The Evil Twin
By
James Donahue
There
has been an old Hollywood film theme involving identical twins, with one turning evil. It is always makes a great suprise
ending in a mystery plot. But does that happen in real life?
I have
personally known identical twins and have been interested in the mental and spiritual connections they exhibit.
I went
to high school with Roger and Rodney Lamb, sons of the local postmaster in my hometown. They were husky jolly young men and
full of trickery. They looked so much alike it was almost impossible to tell one from the other and I was always surprised
that their mother always knew which was which. Naturally, their favorite trick was to portray themselves as each other and
get teachers and everyone else around them confused.
I was
one grade behind the Lamb twins so didn’t run with them in high school, although after graduation, when home from college
on winter holidays, I got to know them well. By then they had both shipped out on the Great Lakes and were coming home for
the winter months with their pockets full of cash.
While
laughing and doing wild and crazy tricks much of the time, I had some serious moments with them . . . usually on a one-to-one
basis. That was when they told about feeling one another’s pains and having an unexplained awareness when the other
was in some kind of difficulty. It was as if they shared the same spirit, even when serving on different ships at different
ends of the Great Lakes.
But the
Lamb twins never portrayed themselves as being either good or evil.
I met
a second and much more interesting pair of identical twins after our daughter began dating a young man in high school. She
had just turned 16 and this young man was a year or two older so my wife and I kept close watch on this relationship.

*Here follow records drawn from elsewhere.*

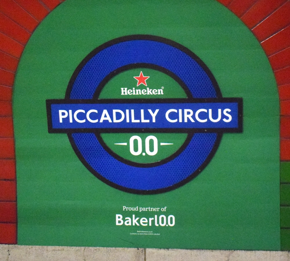 | Piccadilly Circus London Underground | Heineken | Heineken(in roundel above name), -0.0-(in roundel below name), Proud partner of Bakerl0.0(below plate) Photo: 9 January 2026; known to be present 8 January 2026; applied for two weeks |
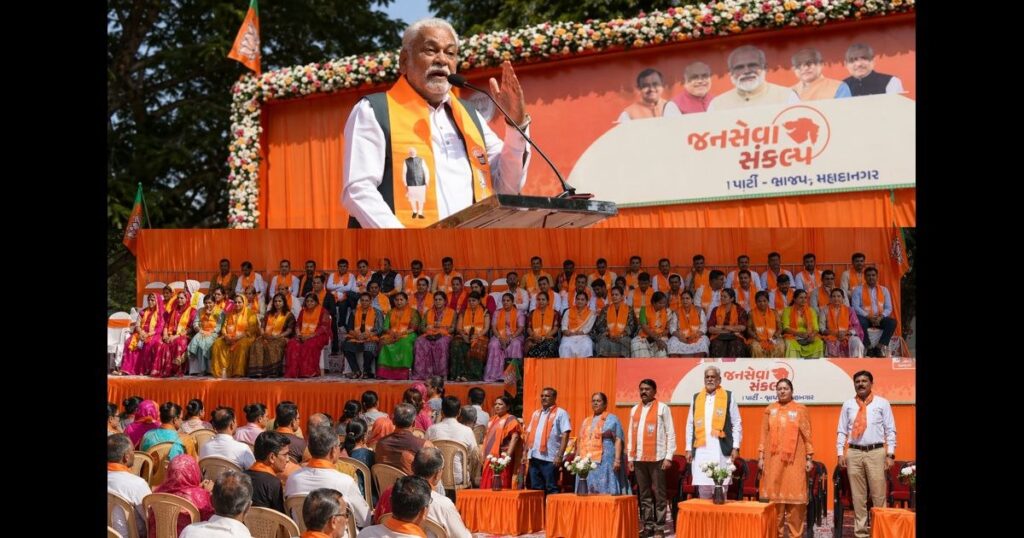 જામનગર અપડેટ્સ: ભારતીય જનતા પાર્ટી શહેર દ્વારા લાલ બંગલે ઉમેદવારો માટે સંકલ્પ સંમેલન યોજવામાં આવ્યું હતું. આ કાર્યક્રમની શરૂઆત વંદેમાતરમ ના ગીતથી કરવામાં આવેલ રાજ્યસભા ના સાંસદ પરષોત્તમ ભાઈ રૂપાલા દ્વારા ભારતીય જનતા પાર્ટી એ પસંદ કરેલ 64 ઉમેદવારોને અભિનંદન આપેલ જનસેવા એ જ પ્રભુ સેવા સંકલ્પ લેવડાવેલ નામો જાહેર થયા પછી ભારતીય જનતા પાર્ટીના 64 “ધુરંધર” ઉમેદવારોને શપથ લેવડાવવામાં આવ્યા.
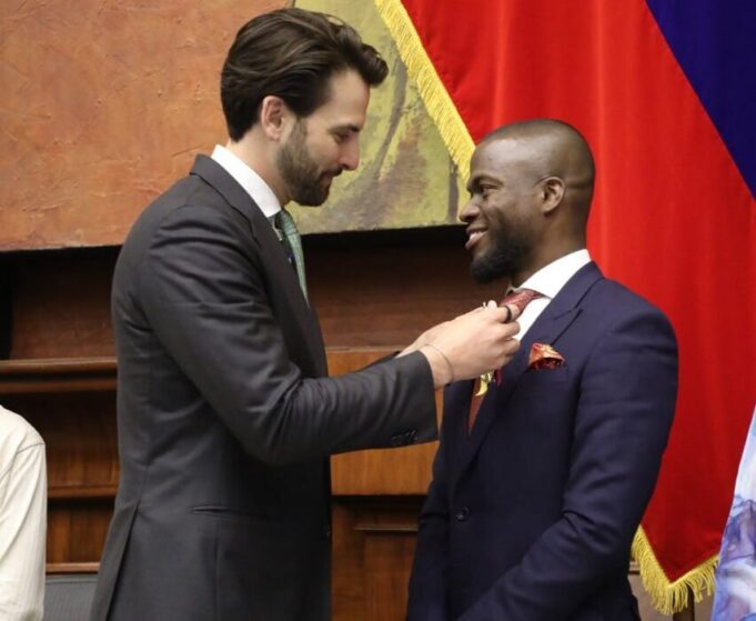 La mañana de este martes en el pleno de la Asamblea Nacional fue condecorado con la distinción Vicente Rocafuerte al mérito deportivo, el ahora histórico goleador de la selección ecuatoriana de fútbol Énner Valencia. Reconocimiento que resalta el esfuerzo, la disciplina y el compromiso que ha demostrado a lo largo de su carrera, así como el impacto positivo de su figura dentro y fuera de la cancha.
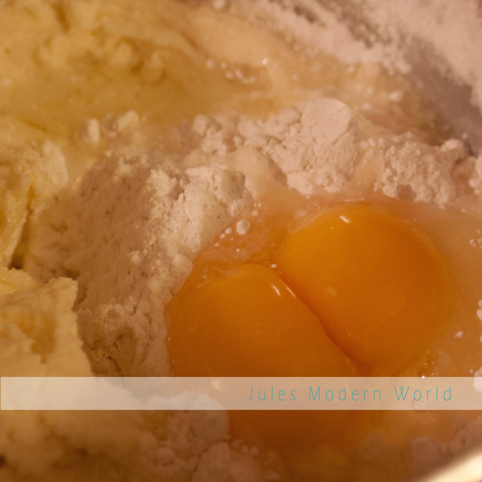 So after getting the 2 cups of oatmeal measured out I just dump it into the glass pan with the walnuts and cranberries. As you can see I am pretty methodical about dumping the ingredients into the pan. I just love the mix of colors as the ingredients are layered into the pan.
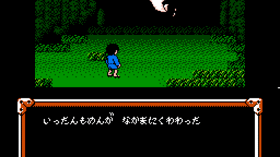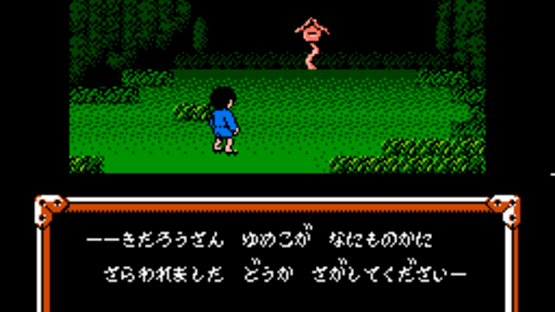 GeGeGe no Kitaro 2: Youkai Gundan no Chousen is a RPG game based on a manga and anime from Japan about a boy who is a youkai, a class of spirit-monster to which all of the main characters belong. The main character, Kitarou, is the last living member of a Ghost tribe. He is missing his left eye, but his hair usually covers the empty socket. He fights for peace between humans and yōkai, which generally involves protecting the former from the wiles of the latter. While the game follows the release of GeGeGe no Kitaro: Youkai Daimakyou (released in the U.S as Ninja Kid), it is not a direct sequel to the original game, which is an action side-scroller. GeGeGe no Kitaro 2 plays very much like a simplified traditional RPG. Fights are turn-based, where the player must input his command, and then watch the sequence of event play out until the round is over and the next round begins. However, even though it is simplified, it is actually a rather difficult and challenging game. In the very beginning of the game, Kitarou struggles to survive more than two fights against monsters before needing to return home and rest until he reaches level 2. A majority of the enemies only provide experience points in the single digits until much later in the game, although to compensate, the amount of experience needed to reach each level is low by comparison as well. Kitarou maxes out at Level 10 when he reaches 999 experience points. The map of the game's overworld is a fairly faithful representation of Japan, along with part of Korea and a small unidentified island. Kitarou must explore the island nation to rescue his girlfriend and the rest of the world from the onslaught of evil Youkai that threaten to take over the world of the living. He must locate several homes, castles, and cave entrances to make his way through Japan, which suffers from spirit storms that prevent him from exploring new regions on the island until some task has been completed first.
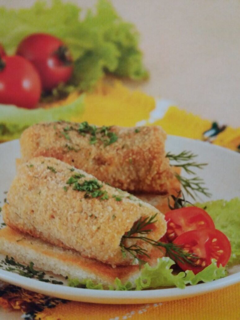 Блюдо из украинской кухни. Состав: Приготовление: 1. Рыбное филе слегка отбить и разрезать вдоль пополам, подсолить, поперчить. В середину уложить кусочек сливочного масла и свернуть рулетиком. Яйцо взбить. 2. Обмакнуть рыбные рулетики в яйцо, затем обвалять в муке, снова обмакнуть в яйцо и запанировать в сухарях. 3. На сковороде с толстым дном разогреть растительное масло. Обжаривать рыбные котлеты со всех сторон до золотистой корочки около 10-12 минут. 4. Ломтики белого хлеба обжарить на другой сковороде на топленом масле до румяной корочки. Подавать готовые котлеты на гренках, посыпав нарубленной зеленью петрушки. Всем приятного аппетита!
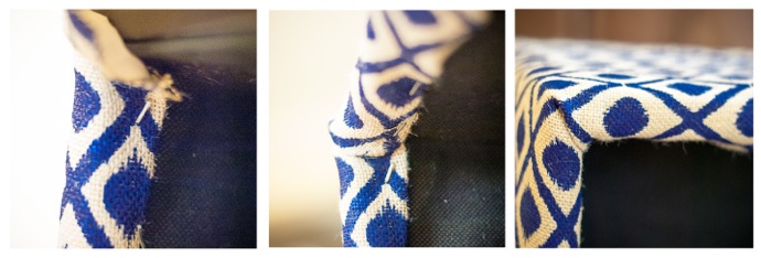 Take your fabric all the way up to the edges and staple, then pull it down and staple. This makes a beautiful corner! So easy! I had to cut my fabric into two pieces for the length of the bottom, so I ended up having a seam on both sides.

Also our daughter was not yet driving so I was often her chauffeur when she went to see this young man.
The point
to this is that he had two identical twin sisters that were then about 14 or 15 years of age. The girls were strikingly beautiful,
even at that young age.
Even
though they were identical twins, it was easy to distinguish one from the other. Their personalities and behavior was dramatically
polarized. One girl dressed well, was a serious student, and had a pleasant personality. The other was living on the wild
side. She thought nothing of wearing colors that did not match, dressing in mini-skirts and socially misbehaving in about
every way one might imagine. Needless to say she also was doing poorly in school. The family referred to her as the evil twin,
and I do not think they were joking.
I never
had an opportunity to get to personally know the twin girls but their extreme differences drew my interest. What made the
Lamb twins so similar and these girls so different? Did the spiritual link get somehow turned upside down while the girls
were still in the womb? Was it possible that one of the girls became possessed by outside forces and the other was not?
Our daughter continued
to date the older brother for about a year, and kept in touch with him for some time after that. She said a peculiar thing
happened to the twins as they grew older. It was as if they exchanged personalities. The sister who was living the perfect
role suddenly went wild and the wild sister settled down and began living a normal life style. How can this be explained?
A 1987
Time Magazine article examined the personality traits of identical twins looked into various studies conducted by psychologists
and sociologists that wanted to find answers to many of the same questions I have had.
The studies
found that a few identical twins, sometimes even those separated at birth and raised in different homes, grew up to conduct
amazingly similar life styles. They had the same habits, the same interests, and even drove the same cars. None of the studies
uncovered identical twins that adopted extreme opposite personality and behavior traits, however.
The official
conclusion to all of the studies has been that twins may share the same genes and therefore share the same “rough sketch
of life,” but their environment establishes a mechanism for change, even for those that grow up in the same house.
There
also is that “God” factor. If the God exists within the soul in each individual, we have the freedom to create
our own universe, even if we are genetically linked to an identical twin. We not only have this freedom, we may not be capable
of avoiding the reality we create with our minds.
Psychologist
David Lykken summed it up in the Time article: “The environment molds your personality, but your genes determine what
kind of environment you have, seek and attend to.”